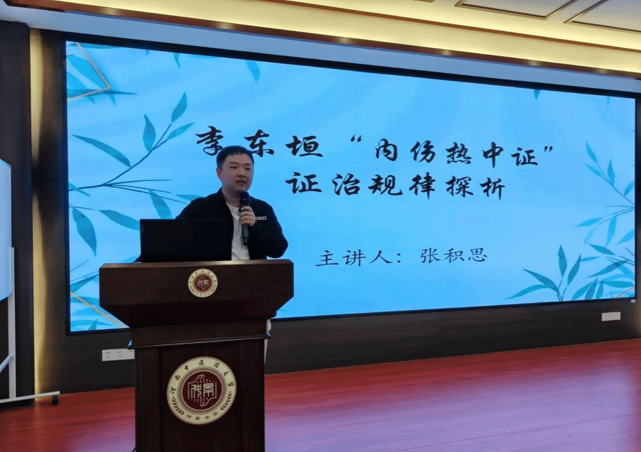 张积思老师以“李东垣‘内伤热中证’证治规律探析”为题,从自身学医经历入手,提出中医理论虽深奥但也朴素,鼓励同学们克服畏难情绪,建立学医信心。首先,张积思老师介绍了李杲的生平和脾胃学说,阐释了内伤热中证实质为气虚发热。接下来,张积思老师又通过分析《内外伤辨惑论》原文,为同学们理清了内伤热中证的病因病机,同时分享对命门、胞宫的见解。最后,张老师强调此证宜用补中益气汤来治疗,此方可温阳化气,用以治疗气虚证。在讲座的结尾,张老师对同学们寄予“健康所系,性命相托。指尖上的艺术,跳动着的生命,谨以一生追求的使命”之厚望。张积思老师的讲解通俗易懂,幽默风趣。本场讲座反响热烈,学习氛围浓厚。
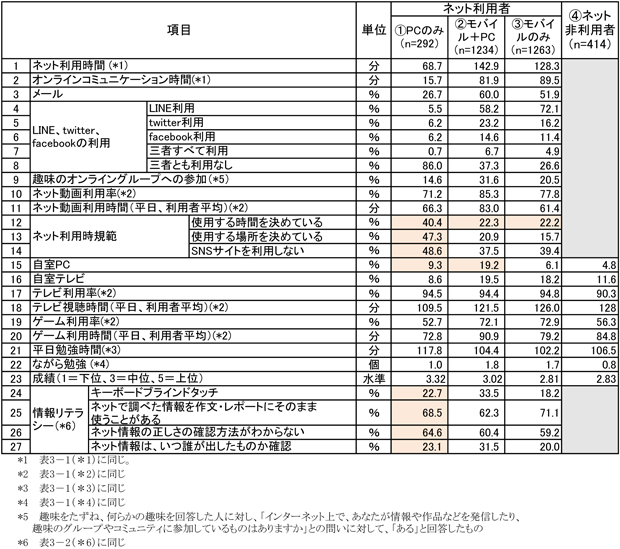 ここまで見てきたように、PCのみのネット利用者は、学習面では積極的、ネット・メディア利用面では抑制的であり、保護者からみると安心できる子どものように思われる。他方、ただちに懸念すべきということはないが、別なリスクが潜んでいるように思われる面もある。
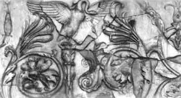 Die abgebildeten Schwäne stellen Bezug zu Apollo, dem Lieblingsgott
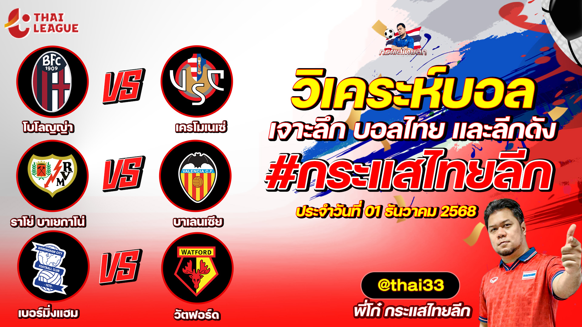 กระแสไทยลีก ทรรศนะบอล 3 คู่ ประจำวันที่ 01/12/2568 รับกระแสไทยลีก ทีเด็ดบอลวันนี้ ทีเด็ดบอลไทย ทรรศนะบอล 3 คู่ กับ พี่โก๋บอลไทย ได้ทุกวันที่ ช่อง กระแสไทยลีก ทีเด็ดบอล 3 คู๋ หน้ากล้อง | วันจันทร์ที่ 01 ธันวาคม 2568 ▁▁▁▁▁▁▁▁▁▁▁▁▁▁▁▁▁▁▁▁▁▁▁ 00:25 | โบโลญญ่า VS เครโมเนเซ่ 02:05 | ราโย่ WEB ADMIN 1 ธันวาคม 2025
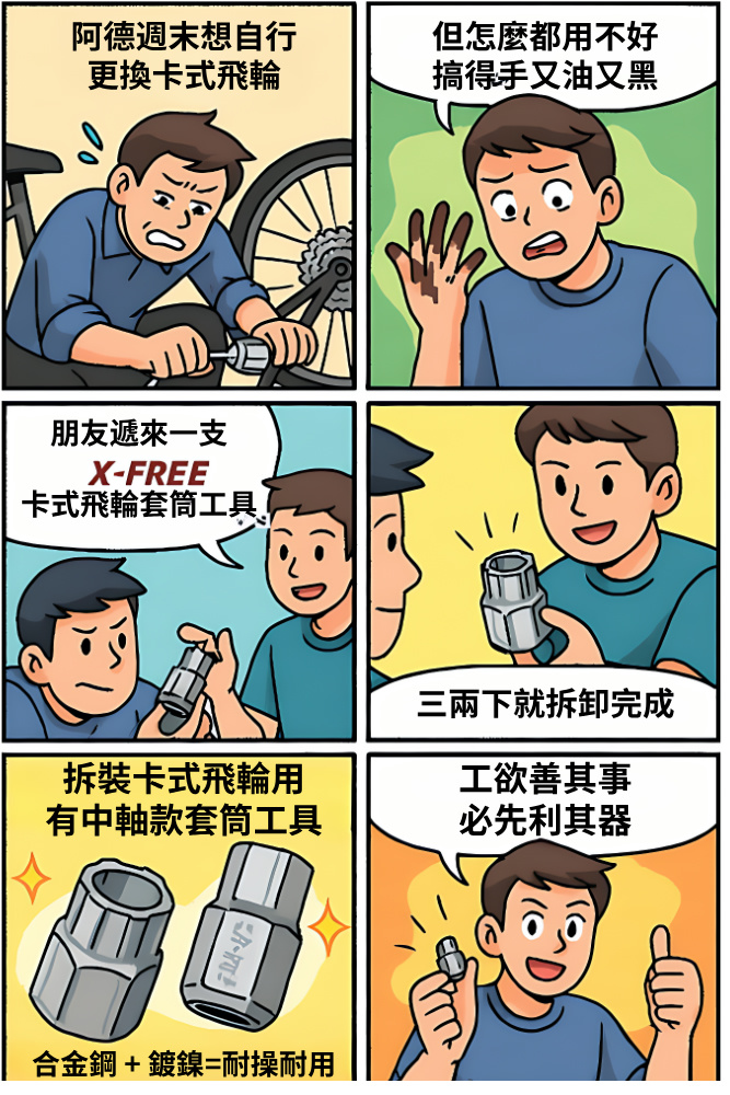 「這種小工具,差一點就差很多!」朋友遞來一支【X-FREE 卡式飛輪套筒工具】。
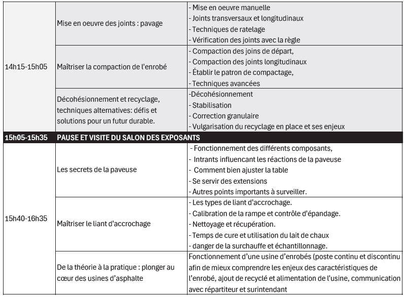 Tous ceux et celles qui sont impliqués dans la fabrication et la mise en oeuvre de l'enrobé. Du manoeuvre à l'opérateur, au contremaître, au surintendant, au technicien de chantier, au gérant de projet ainsi qu'au responsable des ressources humaines. À tous ceux qui oeuvrent dans l'industrie du pavage et qui désirent parfaire leurs connaissances et leurs méthodes de travail afin de livrer des travaux impeccables.
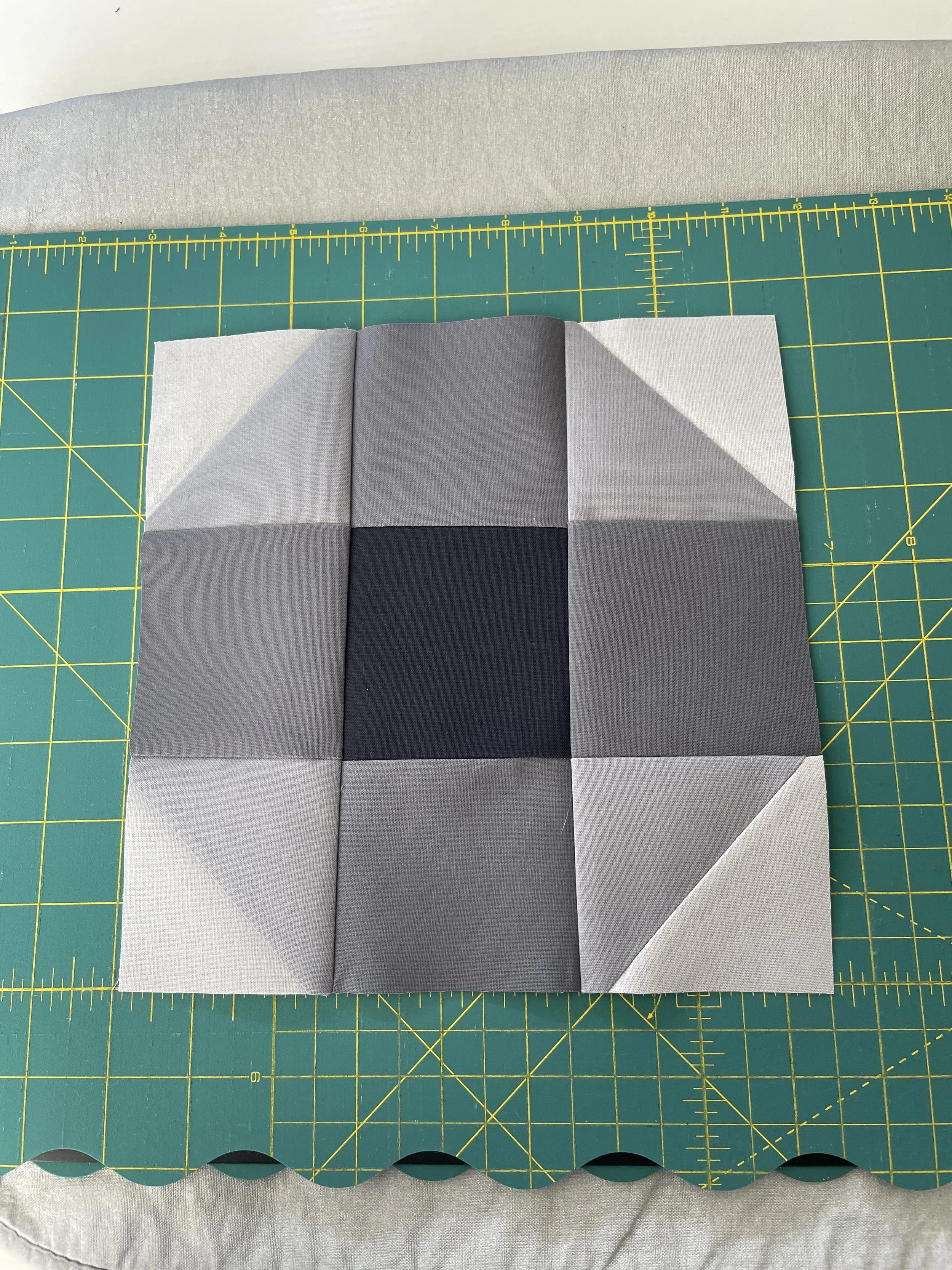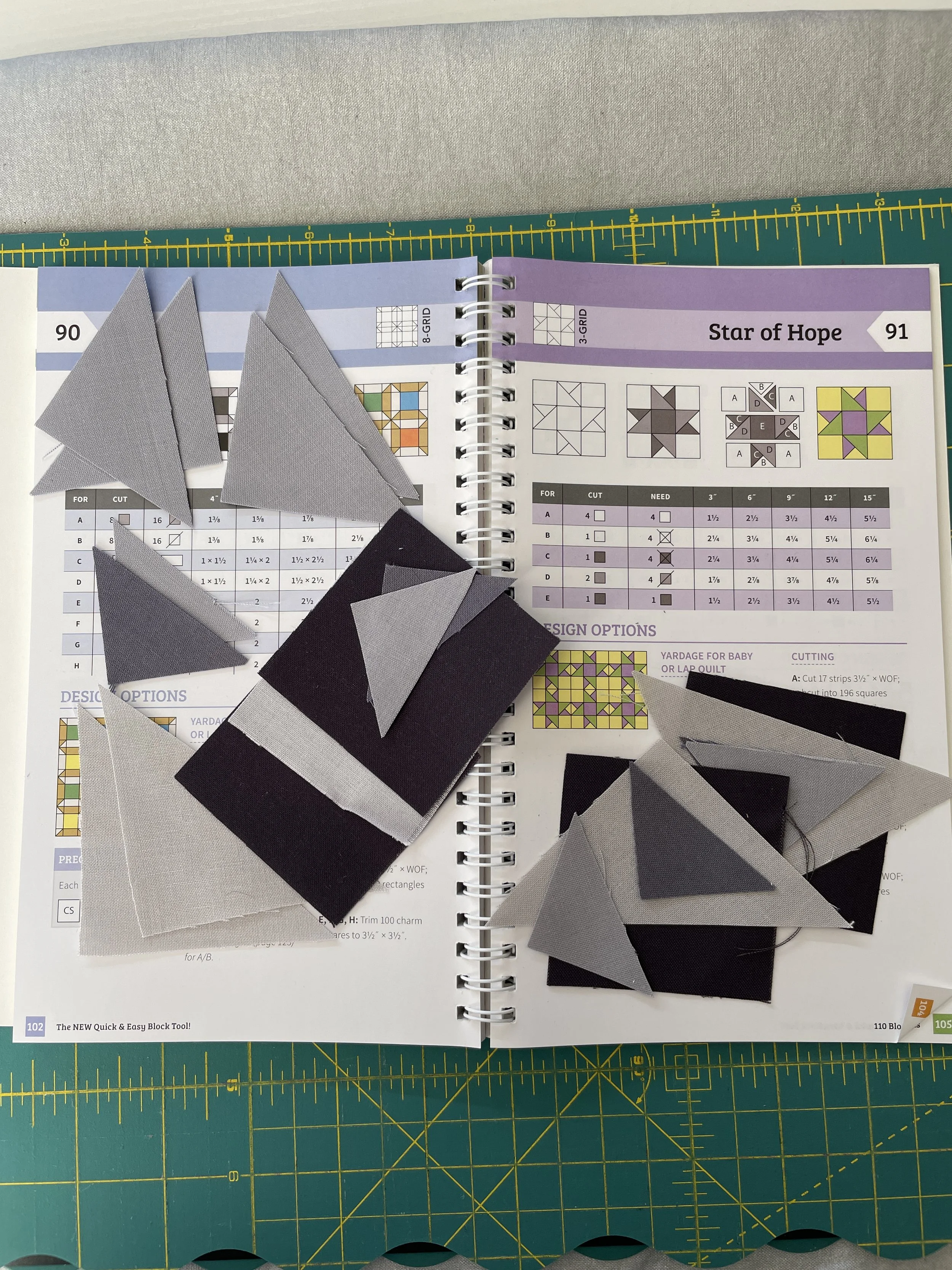 The block above is titled Star of Hope (again in shades of gray) and again our instructor suggested a 6” block. I used my Cricut (cutting machine) to cut the squares and then I cut some of the squares in half diagonally and again in half diagonally. At once I realized it was hopeless. Rest assured that the HSTs are TINY. I’m going to size the block up to 12” so the HSTs are easier to sew. This is a pretty block and while it’s not wonderful in gray, it will be attractive.
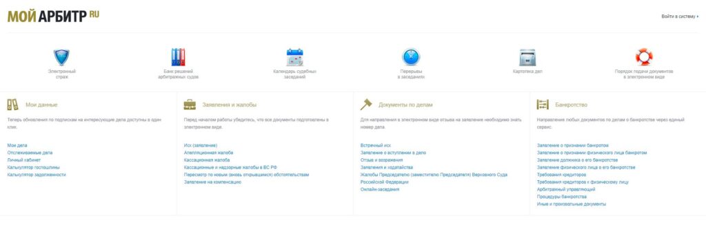 Ссылка для входа находится на главной странице сервиса https://my.arbitr.ru/#index
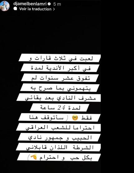 وختم الدولي الجزائري السابق. الذي سارع إلى سحب رده من خاصية “ستوري” قائلا: “أكنّ كل الاحترام للشعب العراقي ونادي الشرطة”.
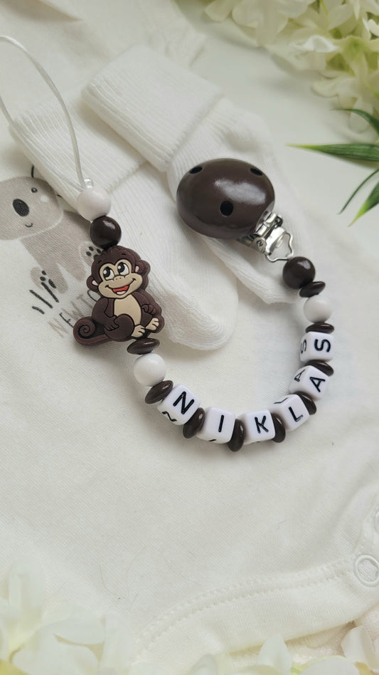 Schnullerkette mit Namen für Jungen Affe braun weiß

§ What you will do: Leave the pictures out and return each entry exactly.

§ Completed exercise:
 张积思老师以“李东垣‘内伤热中证’证治规律探析”为题,从自身学医经历入手,提出中医理论虽深奥但也朴素,鼓励同学们克服畏难情绪,建立学医信心。首先,张积思老师介绍了李杲的生平和脾胃学说,阐释了内伤热中证实质为气虚发热。接下来,张积思老师又通过分析《内外伤辨惑论》原文,为同学们理清了内伤热中证的病因病机,同时分享对命门、胞宫的见解。最后,张老师强调此证宜用补中益气汤来治疗,此方可温阳化气,用以治疗气虚证。在讲座的结尾,张老师对同学们寄予“健康所系,性命相托。指尖上的艺术,跳动着的生命,谨以一生追求的使命”之厚望。张积思老师的讲解通俗易懂,幽默风趣。本场讲座反响热烈,学习氛围浓厚。
 ここまで見てきたように、PCのみのネット利用者は、学習面では積極的、ネット・メディア利用面では抑制的であり、保護者からみると安心できる子どものように思われる。他方、ただちに懸念すべきということはないが、別なリスクが潜んでいるように思われる面もある。
 Die abgebildeten Schwäne stellen Bezug zu Apollo, dem Lieblingsgott
 กระแสไทยลีก ทรรศนะบอล 3 คู่ ประจำวันที่ 01/12/2568 รับกระแสไทยลีก ทีเด็ดบอลวันนี้ ทีเด็ดบอลไทย ทรรศนะบอล 3 คู่ กับ พี่โก๋บอลไทย ได้ทุกวันที่ ช่อง กระแสไทยลีก ทีเด็ดบอล 3 คู๋ หน้ากล้อง | วันจันทร์ที่ 01 ธันวาคม 2568 ▁▁▁▁▁▁▁▁▁▁▁▁▁▁▁▁▁▁▁▁▁▁▁ 00:25 | โบโลญญ่า VS เครโมเนเซ่ 02:05 | ราโย่ WEB ADMIN 1 ธันวาคม 2025
 「這種小工具,差一點就差很多!」朋友遞來一支【X-FREE 卡式飛輪套筒工具】。
 Tous ceux et celles qui sont impliqués dans la fabrication et la mise en oeuvre de l'enrobé. Du manoeuvre à l'opérateur, au contremaître, au surintendant, au technicien de chantier, au gérant de projet ainsi qu'au responsable des ressources humaines. À tous ceux qui oeuvrent dans l'industrie du pavage et qui désirent parfaire leurs connaissances et leurs méthodes de travail afin de livrer des travaux impeccables.
 The block above is titled Star of Hope (again in shades of gray) and again our instructor suggested a 6” block. I used my Cricut (cutting machine) to cut the squares and then I cut some of the squares in half diagonally and again in half diagonally. At once I realized it was hopeless. Rest assured that the HSTs are TINY. I’m going to size the block up to 12” so the HSTs are easier to sew. This is a pretty block and while it’s not wonderful in gray, it will be attractive.
 Ссылка для входа находится на главной странице сервиса https://my.arbitr.ru/#index
 وختم الدولي الجزائري السابق. الذي سارع إلى سحب رده من خاصية “ستوري” قائلا: “أكنّ كل الاحترام للشعب العراقي ونادي الشرطة”.
 Schnullerkette mit Namen für Jungen Affe braun weiß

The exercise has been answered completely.